BRIEF – The expected output is each line from the one containing "Винтаж Стиль декоративные" to the last line of the data below, set down exactly, minus the pictures.

EXERCISE DATA –
****************
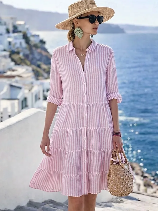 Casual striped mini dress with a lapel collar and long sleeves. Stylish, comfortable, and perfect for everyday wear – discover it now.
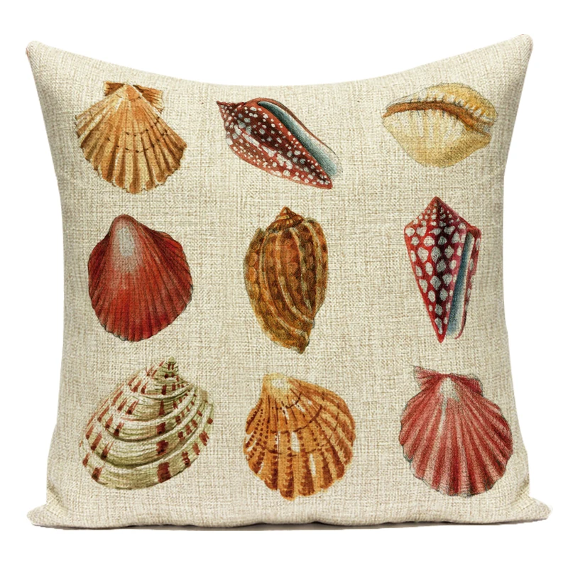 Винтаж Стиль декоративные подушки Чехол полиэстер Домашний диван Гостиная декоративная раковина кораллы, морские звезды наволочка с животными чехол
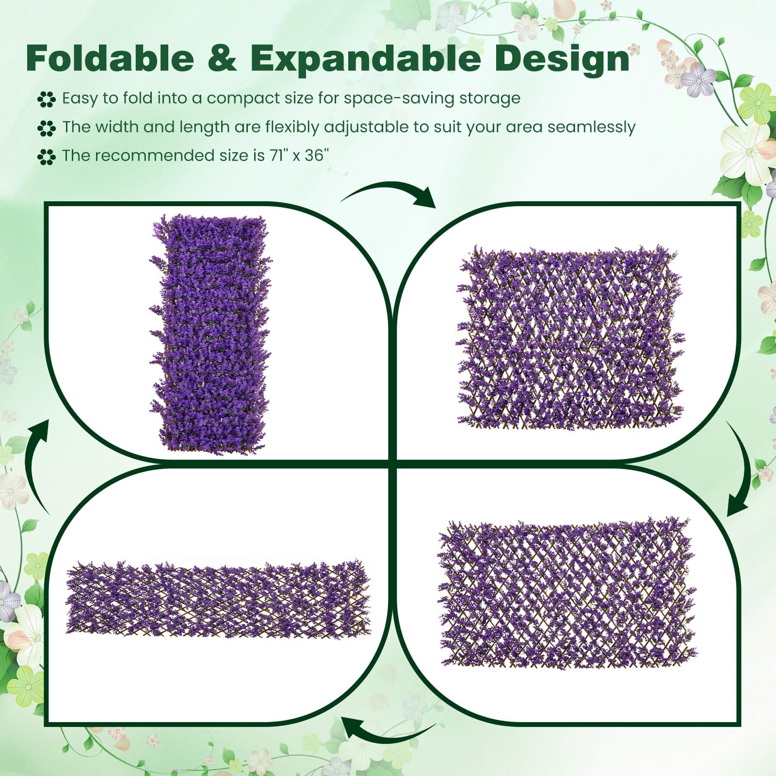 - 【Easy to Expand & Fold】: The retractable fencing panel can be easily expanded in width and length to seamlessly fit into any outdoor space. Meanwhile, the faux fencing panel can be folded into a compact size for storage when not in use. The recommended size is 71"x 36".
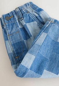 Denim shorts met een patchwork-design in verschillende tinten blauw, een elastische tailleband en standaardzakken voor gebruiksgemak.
****************
TASK SOLUTION –
 Винтаж Стиль декоративные подушки Чехол полиэстер Домашний диван Гостиная декоративная раковина кораллы, морские звезды наволочка с животными чехол
 - 【Easy to Expand & Fold】: The retractable fencing panel can be easily expanded in width and length to seamlessly fit into any outdoor space. Meanwhile, the faux fencing panel can be folded into a compact size for storage when not in use. The recommended size is 71"x 36".
 Denim shorts met een patchwork-design in verschillende tinten blauw, een elastische tailleband en standaardzakken voor gebruiksgemak.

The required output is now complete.